If we cannot say that Post/Redirect/Get is much huge overhead then i think this reduces the risk of inserting duplicate data/row in the insertion case and it is better to go for it. I normally do that. If we don’t redirect then we have to check to prevent posting same record in the same submit twice or more if the same records whether the same data are already inserted to the db or not even though we don’t really want such duplicate validation.

Well !

So it means that Post/Redirect/Get is not ok to use, so what about my solution ?

“Have a code may be md5(time()+session_id) in a hidden field of the form. And upon insertion, first do a check if that code is already there in the database, if the answer is NO, INSERT that, else show a message !”

You still have to do that same duplication check because the redirect doesn’t prevent someone deliberately inserting a duplicate, it only prevents some situations where people would insert the duplicate by accident. So the validation is still required to protect the integrity of the data from deliberate attack regardless of whether you use the redirect to prevent accidental duplication.

post redirect get is perfectly fine. The point felgall is trying to make is that it’s not enough on it’s own. You also need unique keys (eg username) to prevent duplication, and your code should handle errors like duplicate record.

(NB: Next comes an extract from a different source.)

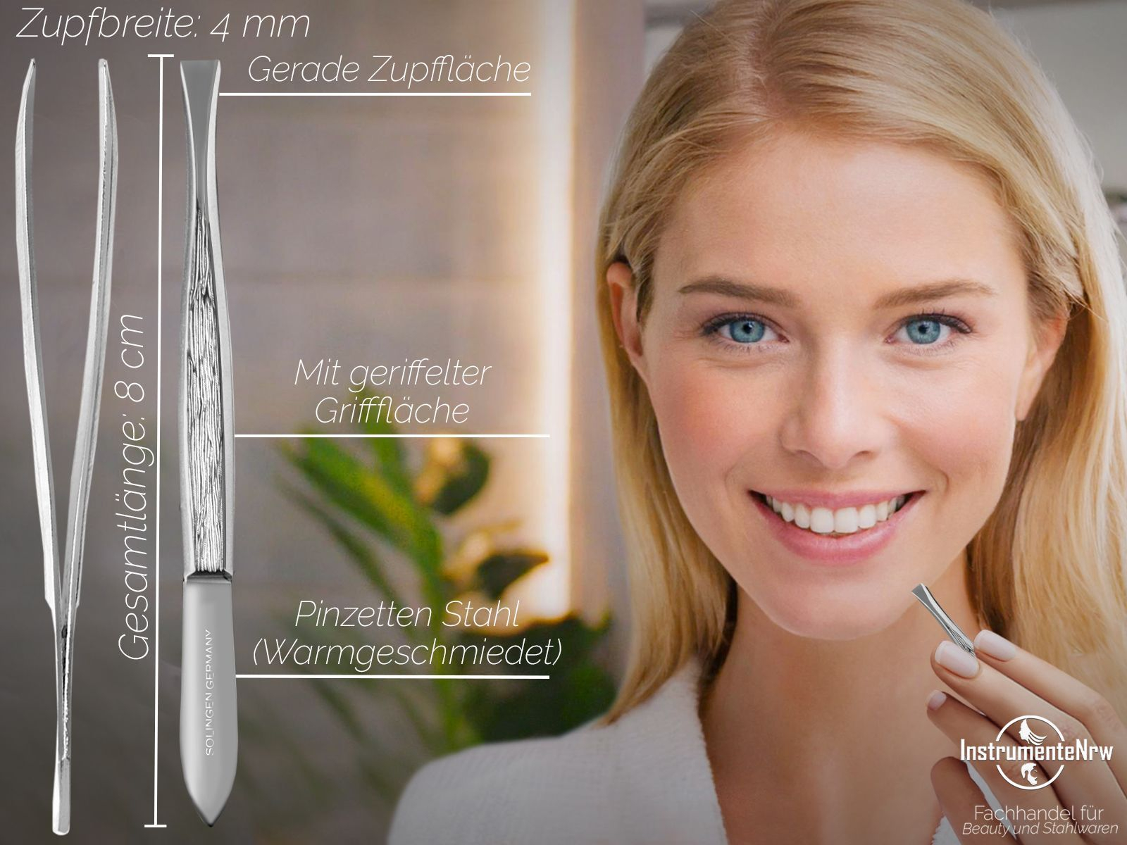 Die Gesamtlänge der Pinzette ist 8 cm. Die Zupffläche ist Gerade und beträgt ca. 4 mm. Perfekt aufliegende Spitzen. Die Haarpinzette wurde aus warmgeschiedetem Pinzettenstahl hergestellt. Dank der speziellen Fertigung ist diese Pinzette sehr stabil und langlebig.

I think that we are not talking on the same level of patterns:

the technical level
the business level

On the technical level, sure one assumes that if the database is well designed (with key/key foreign constraints) there should be no duplicate problems as it would violate the database integrity.

But the Application Business Level Pattern is not about technical integrity, like a User may inadvertly add a new line item in his shopping cart : technically this should not be forbidden as the user may indeed want to add the same item a second time (say for making the same gift to 2 friends) but in that case it would be a right business practice to warn the user and make him confirm or indeed forbid him and require him to modify the quantity field.

This level should not be the coder’s responsability but the product manager responsability (in the case of corporate organisation otherwise nothing prevent the same guy to wear the 2 roles but they are conceptually separate :wink: ).


Thanks a lot ! you people are always great !

This is discouraging - if this thread accurately describes the available solutions.

In my case I do have an autoincrement key. I don’t believe there is general agreement that this is a bad thing. In fact I have come to use it more over many years, converted from the opposite camp.

Anyway, the choices seem to be change the database design or accept double writing the record, so long as it is the same record you keep writing.

I also have automatic date and timestamps, so it would never really write the exact same record a second time.

I continue my search for the solution I am looking for.

Why it is considered to be bad design if your primary key is “auto increment” ?.

I found this thread while searching for a solution to the same problem as the OP. Nobody answered the last poster’s question, namely why is it considered poor design to use autoincrement fields for primary keys? When I was learning database design (lo these many years ago) that’s the standard that was recommended.